В последние перед эмиграцией годы, работая с детьми в качестве преподавателя танцев, я выезжала с ними на гастроли в Гамбург. Это было мое первое посещение Германии и вообще заграницы. За зарубежную поездку в творческом центре между педагогами и коллективами шла беспрецедентная борьба. В конечном итоге в списке счастливчиков оказался мой танцевальный коллектив, состоящий исключительно из мальчиков, детский театр мод с невнятной руководительницей Юлией Владимировной и цирковой кружок под руководством педагога по фамилии Петров. Кроме того, с нами, разумеется, поехала заместитель директора дома творчества, бывшая комсомольская функционерка Нина Алексеевна и задрипанный корреспондент одной из питерских газет Валера, собирающийся в ближайшее время впервые стать отцом. В его функции входило освещение нашего заграничного турне.

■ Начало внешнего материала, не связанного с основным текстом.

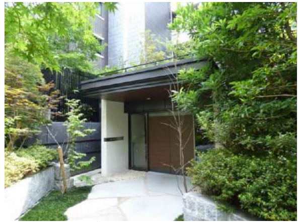
落ち着いた雰囲気のエントラス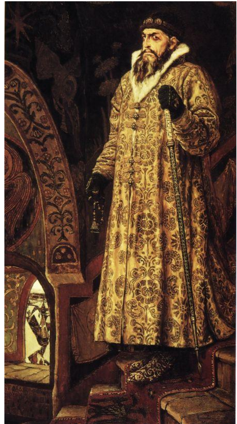
В.М.Васнецов. Иван Грозный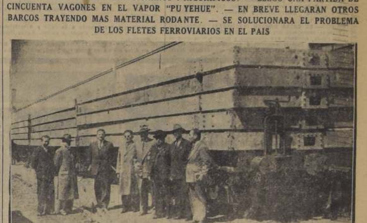
Los periodistas de Santiago acompañados de funcionarios de la Empresa de los Ferrocarriles y de la Aduana de Valparaíso, frente a varios carros cargados con plataformas de los vagones adquiridos en Estados Unidos.

1.250 CARROS DE CARGA HA ADQUIRIDO LA EMPRESA DE LOS FERROCARRILES EN EE. UU. ENTRE ELLOS FIGURAN VEINTE CARROS FRIGORIFICOS. — LLEGO UNA PARTIDA DE CINCUENTA VAGONES EN EL VAPOR "PUYEHUE". — SE EN BREVE LLEGARAN OTROS BARCOS TRAYENDO MAS MATERIAL RODANTE. — EN SOLUCIONARA EL PROBLEMA DE LOS FLETES FERROVIARIOS EN EL PAIS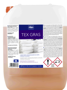
TEX-GRAS HUMECTANTE DESENGRASANTE ESPECIAL FORMATOS 20KG PT03652700

По приезду в Германию нас поселили в доме престарелых в пригороде Гамбурга, где мы тоже дали концерт для стариков, вызвав неподдельный восторг последних. Ребята с успехом выступали в школах и на уличных площадках. Выступления чередовались с экскурсиями и прогулками, педагоги парами выезжали в город, чтобы побродить по изобилующим товарами магазинам. Настал и наш, с циркачем Петровым, черед, и, оставив детей на попечение других руководителей, днем мы выехали в Гамбург, где приятно провели время до вечера. Вот только с наступлением темноты очень растерялись, не зная и не ведая, как нам добраться до нашего местопребывания. Кое-как разузнав, какой автобус идет в те края, а надо сказать, что ни Петров, ни я немецким не владели, мы вошли и купили билеты, не зная точно на какой остановке выходить. Водитель ничего объяснить нам не смог, за окошком стояла кромешная тьма и, в отчаянии обсуждая с Петровым катастрофическую ситуацию и оглядывая редких пассажиров, я в сердцах произнесла:
– Господи! Да кто-нибудь знает, когда нам выходить?!
И тут, как гром среди ясного неба, раздалось на чисто русском:
– Я знаю!
Парень, оказавшийся бывшим соотечественником, буквально за руку привел нас к воротам нашего временного пристанища, за что мы были ему безмерно благодарны. Стало понятно, что тут полно земляков и даже без знания языка никогда не пропадешь!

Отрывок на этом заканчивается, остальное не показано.